There is a uninitialized variable leak vulnerability in handle_plague().

  • It allocates plague_content which is sized MAX_PLAGUE_CONTENT_SIZE
  • It then receives user input to plague_content by maximum size len.
  • Regardless of the user input length, it returns plague_content by size len.

Therefore

  1. Trigger handle_plague() once. It will allocate plague_content and then free it, which will eventually put it into unsorted bin.
  2. Trigger handle_plague again, and it will allocate plague_content from the unsorted bin, which will then have the address of &main_arena.
  3. Set the Content-Length longer than 0x8 and send a short input. The response will contain the &main_arena address.

Exploit

With the libc base leak and stack BOF, it is sure that we can get the flag but there are two things to consider.

  • First, server-client is connected by socket, not by port forwarding.

So after the exploit, we can not directly system("/bin/sh") to get a shell, but execute orw. Also the oracle receives one request per connection. Therefore the exploit consists of three connections.

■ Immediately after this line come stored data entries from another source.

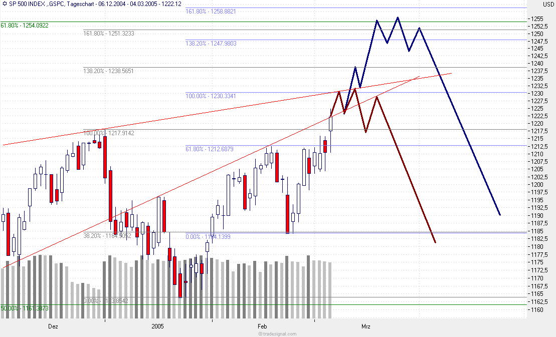 Daraus schließe ich, dass der SPX, sobald er den Bereich 1222-1230 überwindet, sehr wahrsch. bis zum 62er RT also ca. 1254 rasen wird. Falls nicht, steht mehr oder weniger unmittelbar wieder die 1185 auf der Matte.
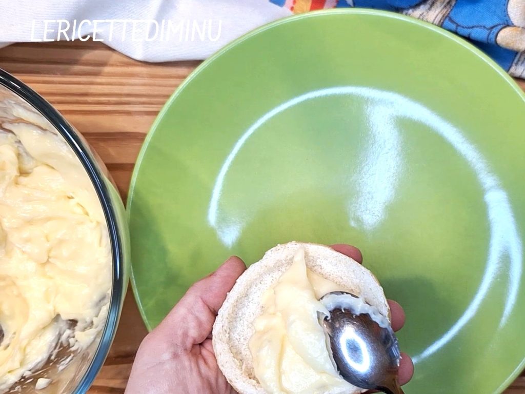 • À l’aide d’une petite cuillère, remplir à votre goût avec l’une de ces crèmes à la fois la calotte et la base du petit pain, puis les réunir en essayant de bien les faire coïncider.
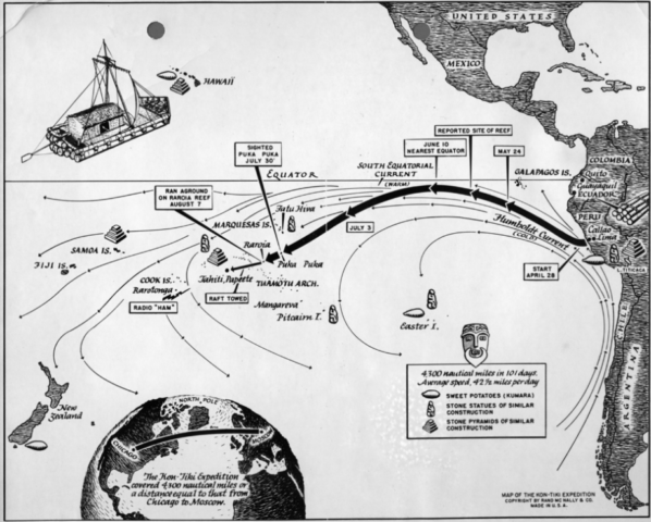 L’impresa dell’esploratore norvegese era quella di dimostrare la possibilità di un viaggio transoceanico in età precolombiana. Un missione, potremmo dire, di corredo alla sua teoria, volta a confermarne la reale fattibilità, ma che ben presto divenne fulcro della sua carriera. Per avvalorare la sua idea, la zattera sulla quale viaggiò, chiamata simbolicamente Kon-Tiki, fu costruita con tecniche e materiali d’età preistorica. Ad appoggiarlo c’erano oltre la sua Norvegia, anche il Perù che aveva solo da guadagnarci nel caso l’antropologo norvegese avesse ragione, e gli Stati Uniti, i quali gli fornirono le razioni di cibo militari per testarle in quelle condizioni. Il tutto divenne un vero e proprio caso mediatico.
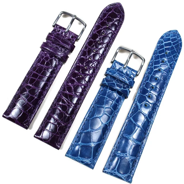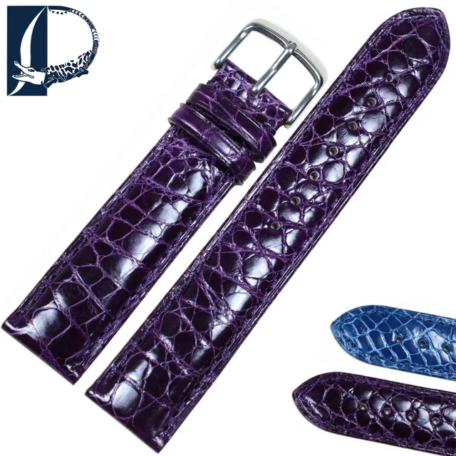 Pesno 밝기 보라색 블루 미국 Aliigator 피부 가죽 손목 악어 가죽 시계 스트랩 여성
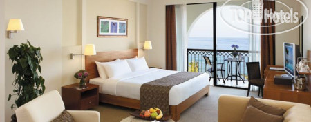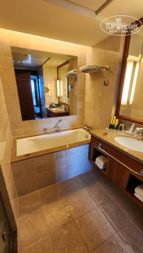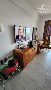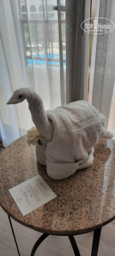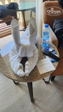 В номере есть всё для хорошего отдыха – мини-холодильник полностью забитый безалкогольными напитками и пивом (мы не пользовались), чайник с чаем, кофе, сливками и сахаром, очень много бутылочек воды 0,5 л, удобная двуспальная кровать, телевизор (без русских каналов), халаты, тапочки. В ванной комнате и душ и небольшая ванная, фен, сушилка, качественные туалетные принадлежности (есть всё: и зубные щетки, и пасты, и резинки для волос, и шампуни и т.д.). Кондиционер работал хорошо, но иногда издавал странные громкие звуки. Уборка номера неплохая, всё пополняют, зайчика из полотенца сделали, но под кроватью был замечен огромный слой пыли.
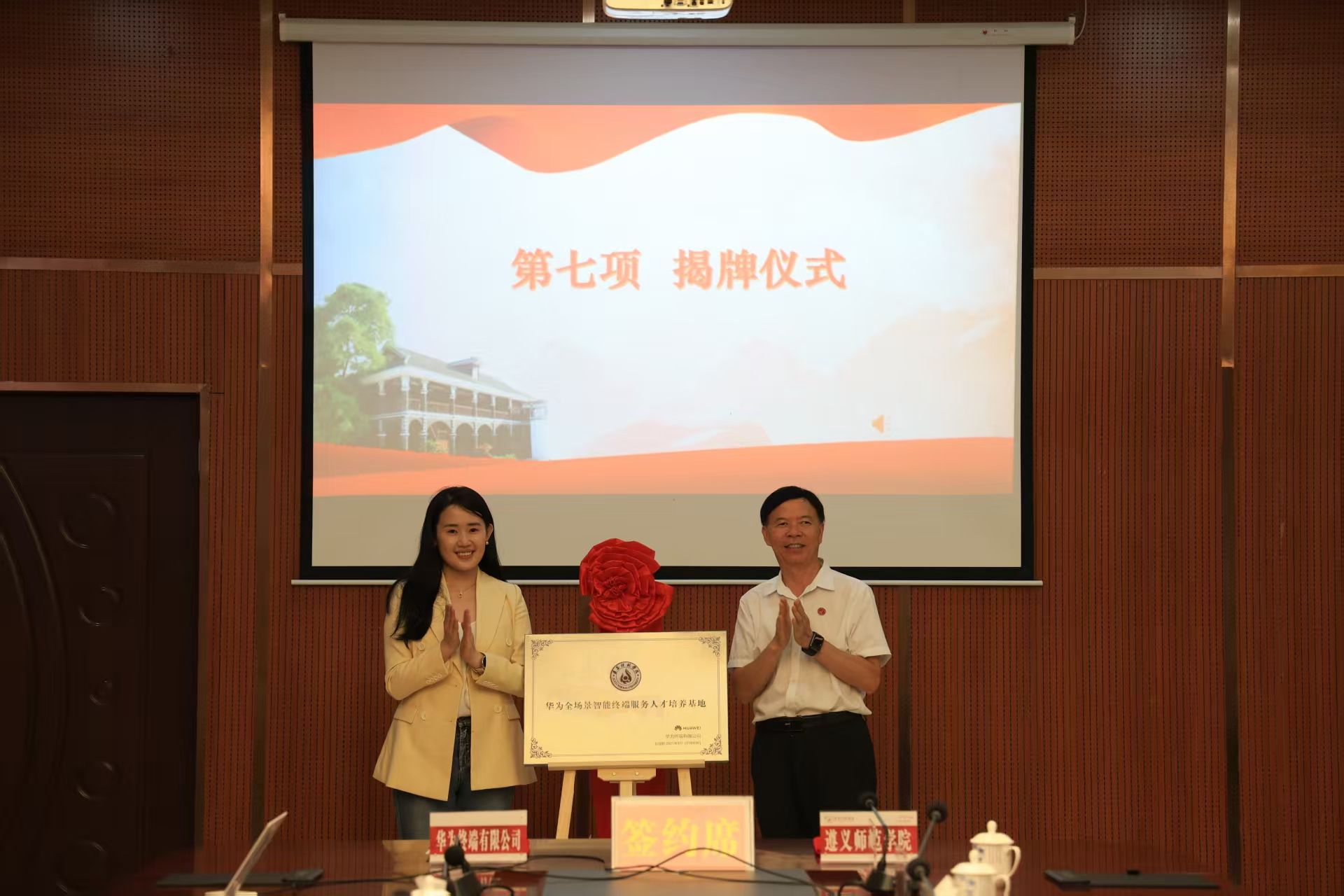 本网讯(文/施宣 图/周选州) 9月29日上午,遵义师范学院学术交流中心一号会议室气氛热烈,学校与华为终端有限公司“全场景智能终端服务人才培养项目”签约及揭牌仪式举行。此次合作标志着双方在深化产教融合、共育数字经济人才方面迈出关键一步,也为高等教育与企业需求精准对接开辟了新路径。
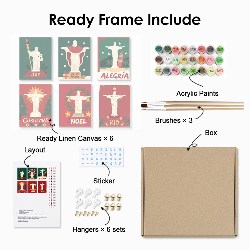 Christ Statue at Christmas 6 Pieces Mini Paint by Numbers
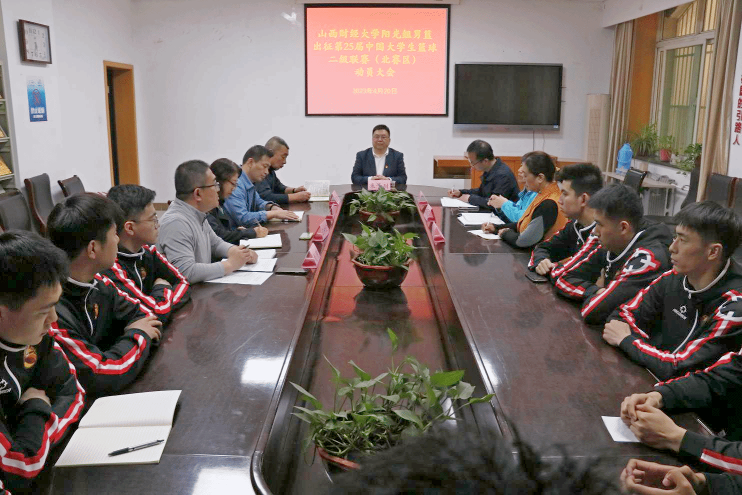 4月20日下午,途游斗地主下载 举行山西财经大学阳光组男篮出征第25届中国大学生篮球联赛(北赛区)动员会。党委常委、副校长、校体育运动委员会主任米子川出席并讲话。途游斗地主下载 领导班子、阳光组男篮教练员、全体运动员参加会议。会议由途游斗地主 党委书记李群生主持。
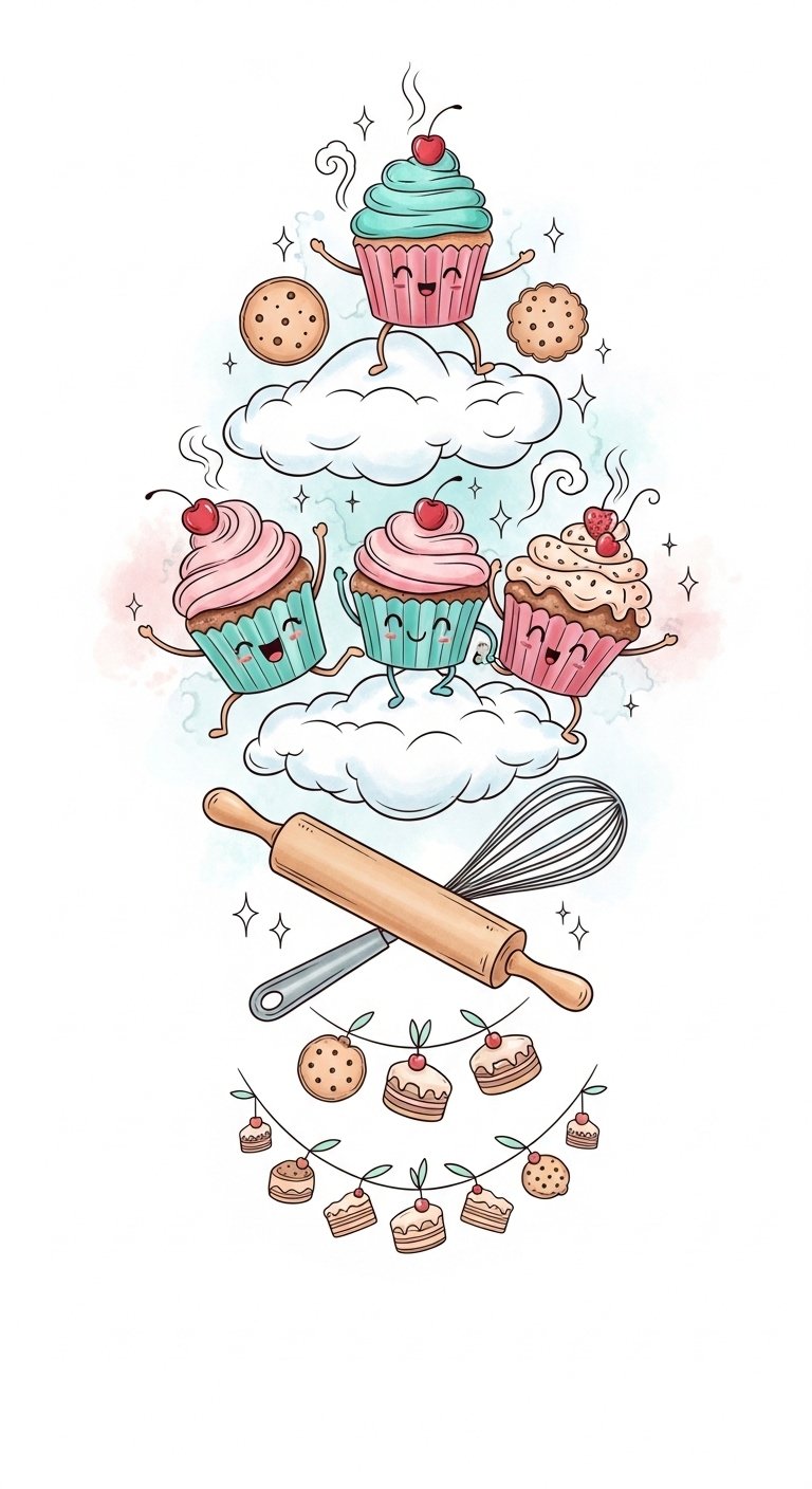 The design symbolizes creative nourishment and the warmth of shared moments; the joyful cupcakes and flour clouds convey playfulness and comfort while the crossed tools represent craft and dedication.
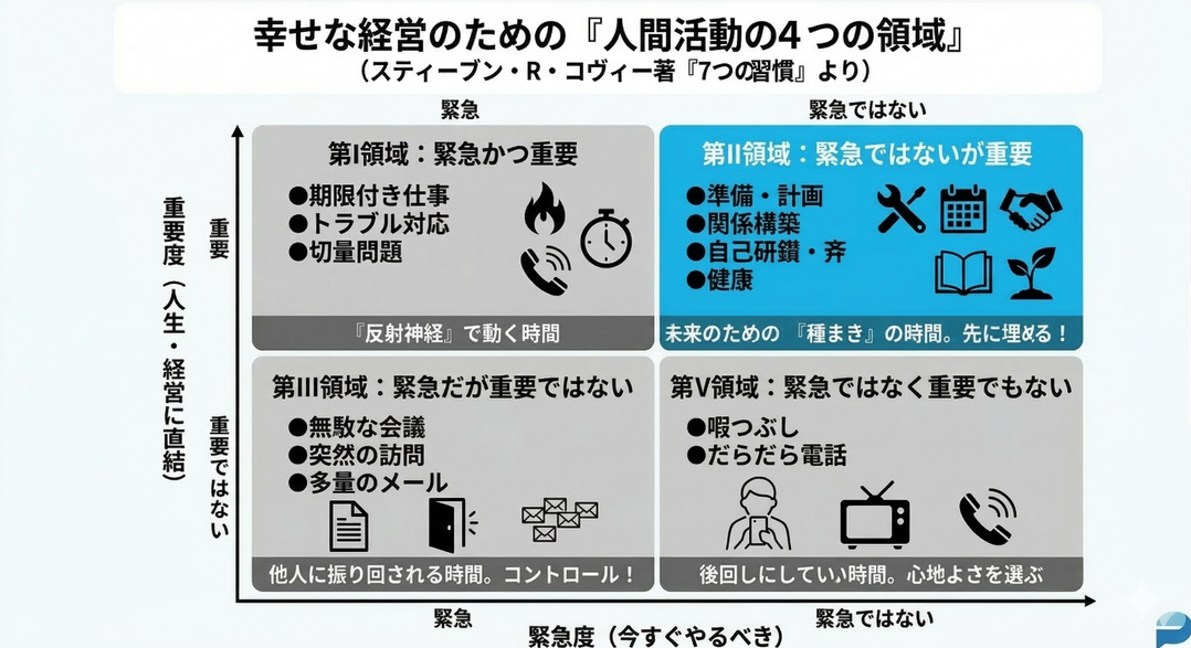 書籍の中では、私たちの人間活動の領域を「重要度」「緊急度」の4つに分けています。

  1. Connection to make uninitialized chunk (socket_fd = 3)
  2. Connection to leak libc base from uninitialized chunk (socket_fd = 4)
  3. Connection to trigger BOF and orw (socket_fd = 5, flag_fd = 6)

The connections increase the file descriptors of the flag and socket we use in the orw payload (since it doesn’t close one after connection), so they are 5 and 6 respectively.

Therefore the 3rd payload should look like below.(in a pseudo-c code)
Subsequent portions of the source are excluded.